Assignment #1: Solving Hua Rong Dao using Search

 

Introduction

For this assignment, you will implement a solver for the Hua Rong Dao sliding puzzle. Hua Rong Dao is a sliding puzzle that is popular in China. Check out the following page for some background story on the puzzle and an English description of the rules.

http://chinesepuzzles.org/huarong-pass-sliding-block-puzzle/

The puzzle board is four spaces wide and five spaces tall. We will consider the variants of this puzzle with ten pieces. There are four kinds of pieces:

• One 2x2 piece.
• Five 1x2 pieces. Each 1x2 piece can be horizontal or vertical.
• Four 1x1 pieces.

Once we place the ten pieces on the board, two empty spaces should remain.

Look at the most classic initial configuration of this puzzle below. (Don't worry about the Chinese characters. They are not crucial for understanding the puzzle.) In this configuration, one 1x2 piece is horizontal, and the other four 1x2 pieces are vertical.

The goal is to move the pieces until the 2x2 piece is above the bottom opening (i.e. helping Cao Cao escape through the Hua Rong Dao/Pass). You may move each piece horizontally or vertically only into an available space. You are not allowed to rotate any piece or move it diagonally.
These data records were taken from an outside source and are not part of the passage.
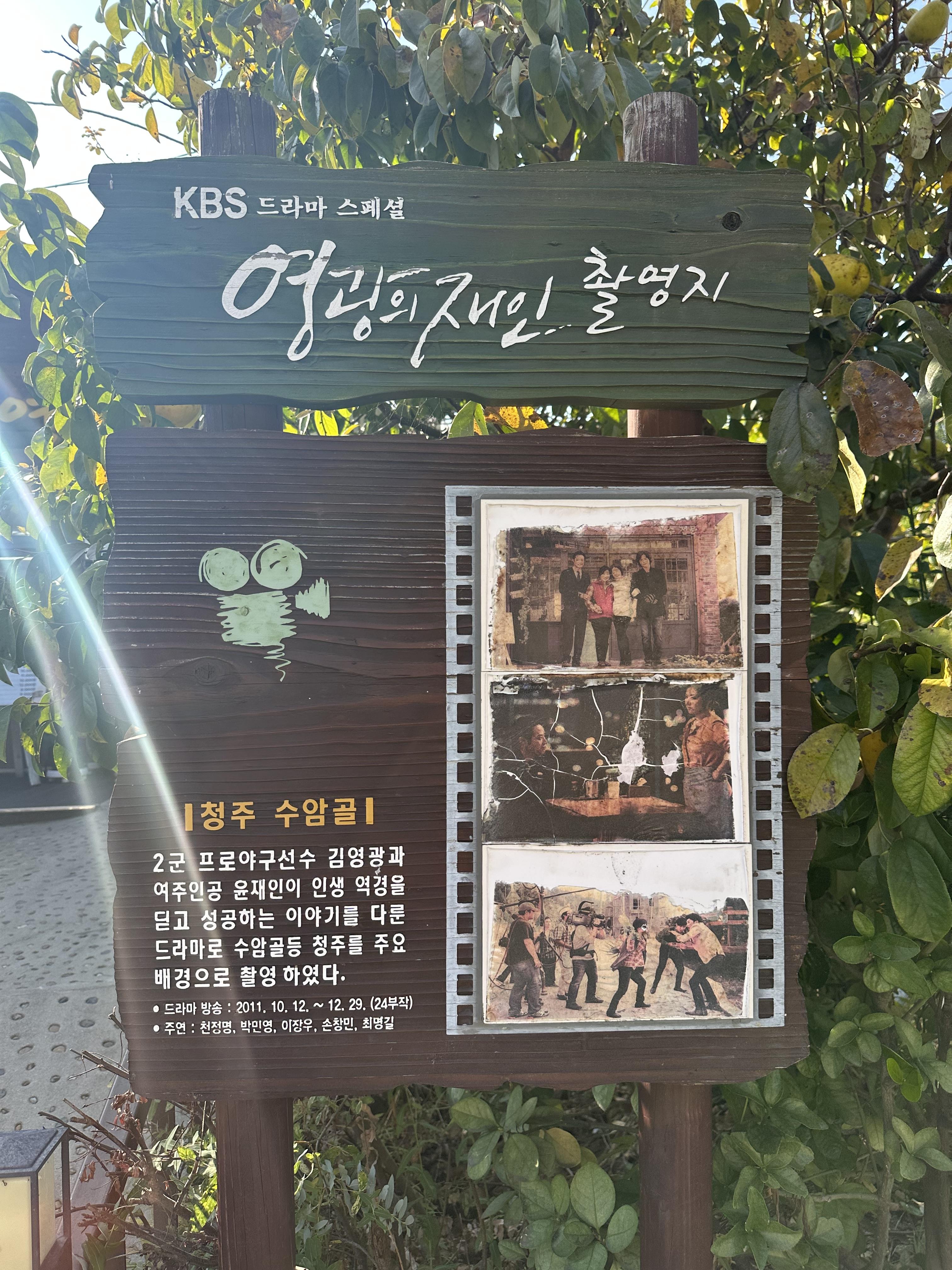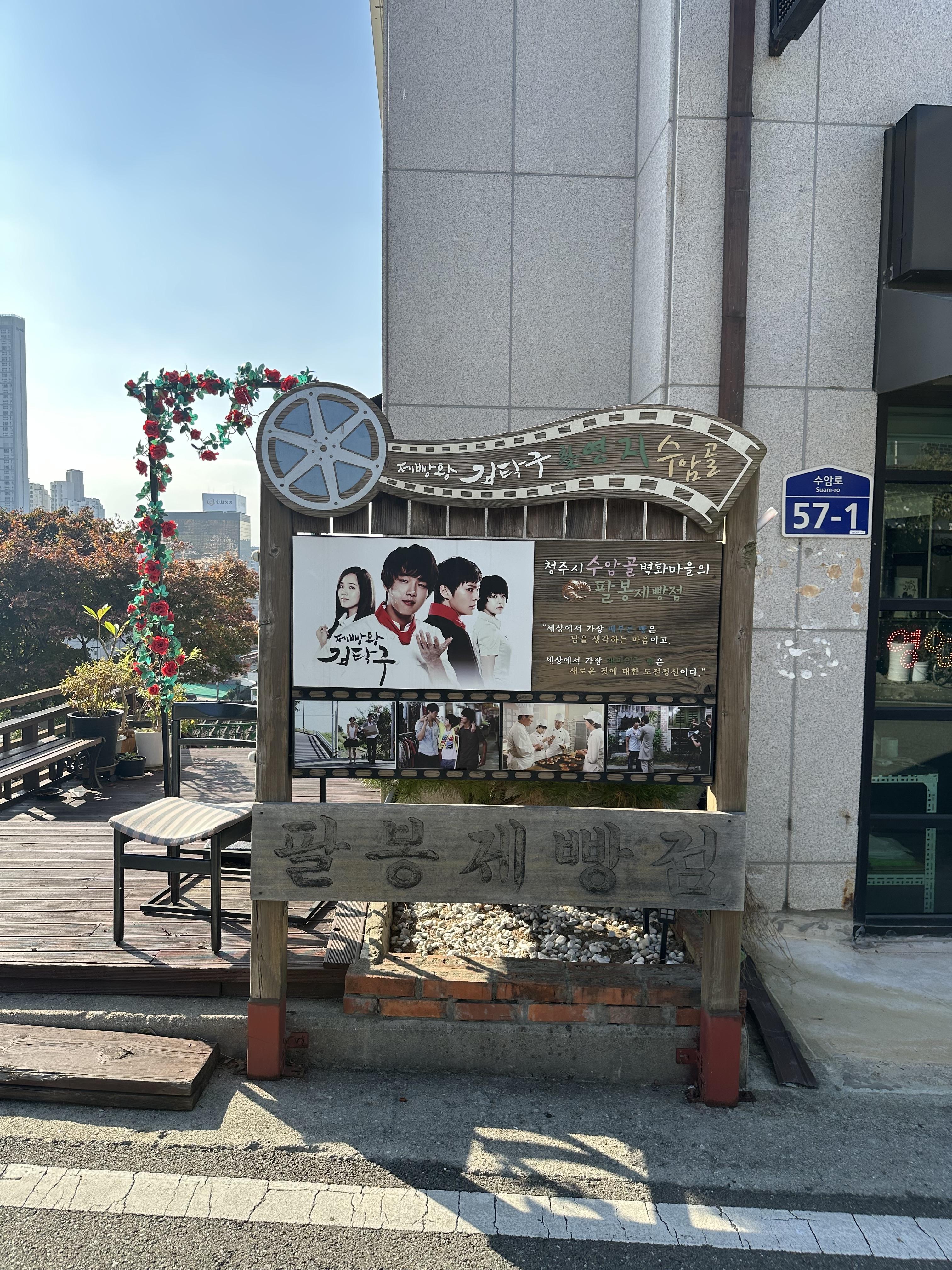 카페거리까지 구경하고 다시 팔봉제빵점으로 돌아가면서 찍은 사진입니다. 수암골 한쪽에는 드라마촬영지라는 분위기가 느껴졌는데요. 아마도 청주에서 촬영했던 드라마들을 보여주는 것 같았습니다.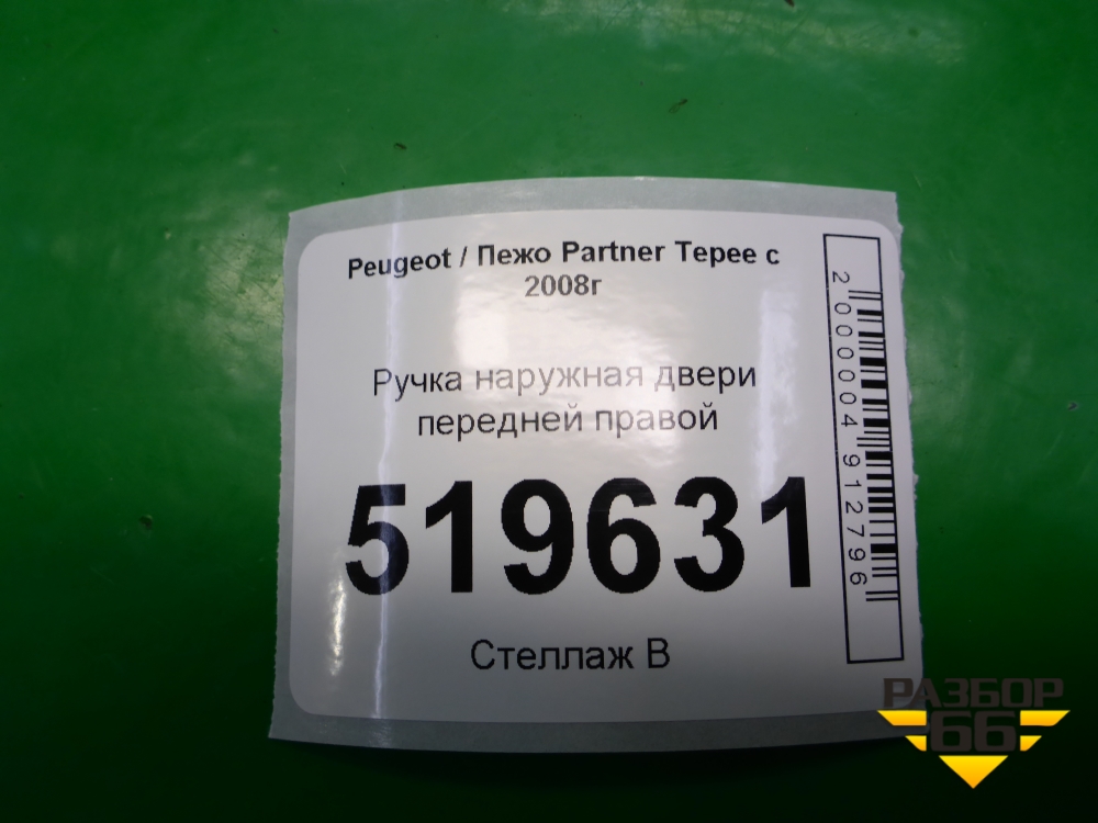 Ручка наружная двери передней правой для Peugeot Partner Tepee с 2008г (Партнер Типпи) в Челябинске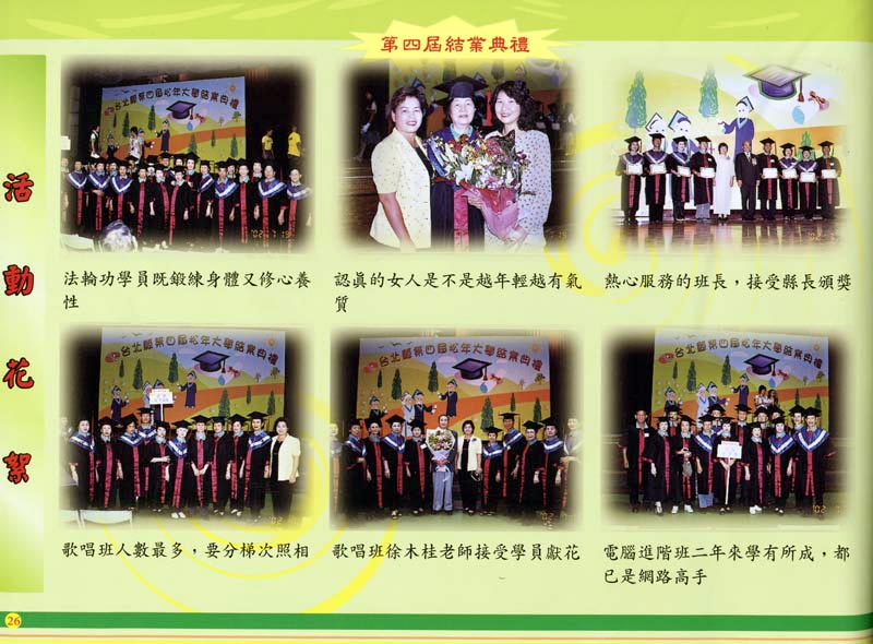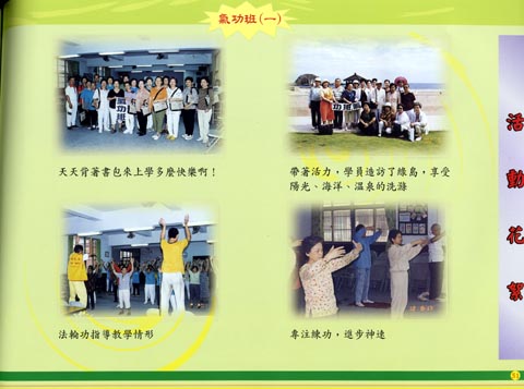 【明慧网2004年8月14日】台湾台北县政府提倡银发生涯规划,各地成立松年大学,在泰山乡的福泰分校,为老人开办各种课程如语文、舞蹈、歌唱、气功等。当地法轮功学员主动接洽主办单位,义务指导老人修炼法轮功功法,获得支持。一学年下来很多老人身心受益,结业时在纪念册上留下他们的修炼心得: 图片:台北松年大学结业纪念册部分内容林竹旺:我是退休老人,报名气功班,刚听到法轮大法这四个字,充满许多问号,很多热心的法轮功学员细心教导五套功法,在学习过程中,碰上动作不标准或是困难度较高的,我没有放弃,下决心好好学。我已年老力衰,一向有失眠和精神厌倦感,早上起来精神很不好,学了法轮功后,从此改善许多身体上的小毛病,对我身体有很大的帮助,学了法后我的心灵得到了清静。 姚陈阿妍:感谢一年来法轮功学员耐心的指导和鼓励,我接触了最善意的人们,让我感受到最真的感情,法轮大法让我获得平静,在生活中释怀一切争执,法轮功真是一种修身养性的好功法,学会了受益无穷。 庄林素琴:自从参加炼功后,原本走路不到5分钟就会脚痛的毛病渐渐改善,我现在已经可以走上20分钟的路没问题,而且全身舒畅,睡眠品质提高,这是我学习一年来的收获,愿以感恩的心分享我的喜悦。常听到一句话“活到老,学到老”,虽然松年大学是老人的课程,但我们在学习中把健康带回家中,让家人也感受到法轮功的美好。 潘信助:学气功已有一段时间了,但松年大学里教的法轮功,内容易学效果佳,很引发我的学习兴趣。刚炼习打坐有点辛苦,日常生活中都尽量盘腿,当时想单盘就这么难,何时才能双盘呢?天下无难事,只怕有心人,现在我已可以双盘了,而且越学越有兴趣,感恩法轮功学员用心指导和陪伴,让我们这群老学生有修炼的机缘。 王潘紫:自从到松年大学学炼法轮功后不再失眠了,精神状况良好,身体健康,回想刚开始学的时候,担心年纪太大学不会、学不好,常想打退堂鼓,但课堂中那么多热心的法轮功学员一直帮忙和鼓励,我也一直在慢慢进步中,现在反而常期待上课的时间快点来临呢! 黄林秋:法轮大法不但是炼功健身,也是一种修身养性的修炼方法,我学了以后,身体各方面都很好,腰酸背痛的毛病都好了,读了《转法轮》知道做人的道理,脾气个性由暴躁变得温和,做起事情来心平气和很顺利,心情很快乐,我们很珍惜能有这段修炼的时光。 杨静云:感谢推动松年大学法轮功课程的所有工作人员,这是一件最好的事,因为你们无私的奉献,让大家身心受益,真是功德无量,如果能继续推广法轮大法,不仅能助人祛病健身、净化心灵,提升道德,大家做一个好人中的好人,则社会将更祥和和少纷争,全民将更健康快乐。
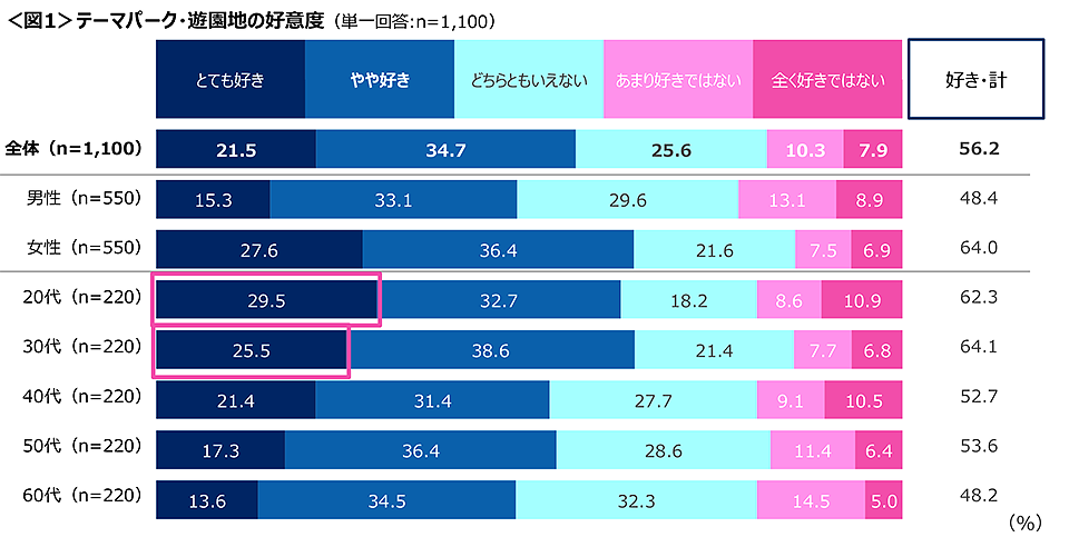 ◆テーマパーク・遊園地が好きな人(とても+やや好き)は56.2%。特に女性は64.0%と高い。<図1>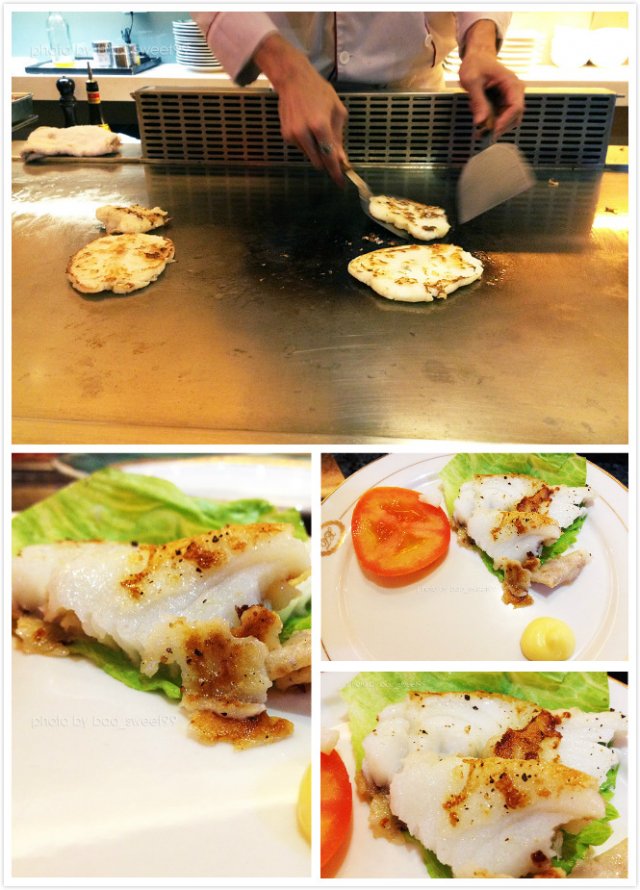 这是来自冰岛的鳕鱼,铁板烧做法,师傅把这鳕鱼煎得好香丫。鳕鱼沾点柳橙酱,一点都不觉得油腻,而且有淡淡的橙子香味。但是吃完这鳕鱼后,在吃番茄,口腔感到好腥味,建议改良这道菜,可以把番茄换成土豆,或者别的蔬菜。
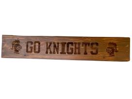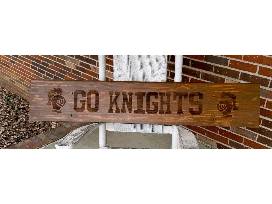Own a piece of our cherished history! This original wooden bleacher board from Sullivan Gym has been beautifully stained and preserved and engraved with "Go Knights'. It is a tangible connection to the countless memories shared within our beloved Sullivan Gym.

You can find many other initial configurations for this puzzle on this webpage. Scroll down to see 32 configurations. The first link below each configuration opens another page where you can play the puzzle and see the solution.

Counting Moves: We will count moves differently from how the website does it. On the website, consecutive moves of a single piece count as one move. However, we will count the consecutive moves separately. Suppose that I move a single piece by two spaces to the right. We will count it as two moves, whereas the website counts it as one move. For the most classic initial configuration, the optimal solution takes 81 moves on the website, whereas it takes 116 moves based on our counting rule. 

 

Your Tasks

Implement DFS and A* Search

You will submit a file named hrd.py, which contains your implementation of a program that uses Depth-First Search and A* Search to solve a Huarongdao puzzle. 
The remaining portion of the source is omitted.